Among the many issues in dispute through the negotiations was the incorporation of the new 737 MAX from Boeing Co. (NYSE: BA) into Southwest’s fleet. The airline, which currently flies only Boeing’s 737, is the launch customer for the 737 MAX and has ordered 200 of the planes.

According to Boeing’s latest report, Southwest has 239 unfilled orders for 737s, including 200 of the 737 MAX and 39 737-800s. Southwest has taken delivery of 702 Boeing 737s over the years. Southwest took delivery of its first 737 in June of 1971.

Where Southwest and its pilots figure in needs a bit of explanation. The federal Railway Labor Act, which also applies to airlines, requires that during contract negotiations both sides maintain the status quo. The union argued that because the new planes are not listed in the expired contract, the 737 MAX cannot be flown until a new contract had been negotiated.

Southwest argued that the new plane is no different from other planes already listed in the previous contract except for their new engines. Therefore, the new planes do not need to be specifically named in a new contract.

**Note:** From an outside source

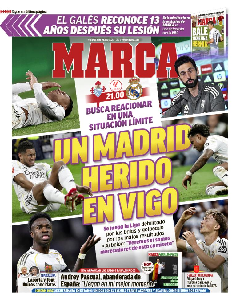 El diario Marca titula a toda página "Un Madrid herido en Vigo", ilustrando la situación que atraviesa el Real Madrid antes de su vital compromiso de esta noche. El rotativo destaca que la escuadra llega a este duelo muy debilitada por una severa plaga de bajas y fuertemente golpeada tras los últimos malos resultados cosechados. Además, recogen las palabras de Álvaro Arbeloa indicando que hoy se verá si son "merecedores de esta camiseta". En su franja superior, desvelan que Gareth Bale ha reconocido tener una hernia trece años después.

According to a report at Airways magazine, the agreement reached this week stipulates that “any aircraft with more than 175 seats or that requires a different type rating will drive a re-opening of negotiations until the new contract covers the additional variants.”

Had Southwest and its pilots not reached a new agreement, the airline, which has been retiring older 737s in anticipation of receiving 737 MAX replacements beginning in March 2017, would likely have had to stop the retirements or acquire used 737s.

According to a report at Leeham News, Southwest would have had to pay Boeing for the planes, but the planes would then have had either to sit on the tarmac in Seattle or be flown to the desert for storage until Southwest’s contract with SWAPA was renewed.

In late June, Southwest said that it will delay delivery of 67 new 737 MAX planes until at least 2023, with the last deliveries scheduled for 2025. The original delivery period ran from 2019 through 2022. Without a contract with its pilots, Southwest almost surely would have asked Boeing for some accommodation on payment and may even have delayed more deliveries. That would have been bad news for Boeing’s cash flow.

SWAPA officials are scheduled to meet later this month to decide whether to put the agreement to a vote of its members. If the contract is put to a vote, there is a 30-day voting period, which means the voting would end in early November.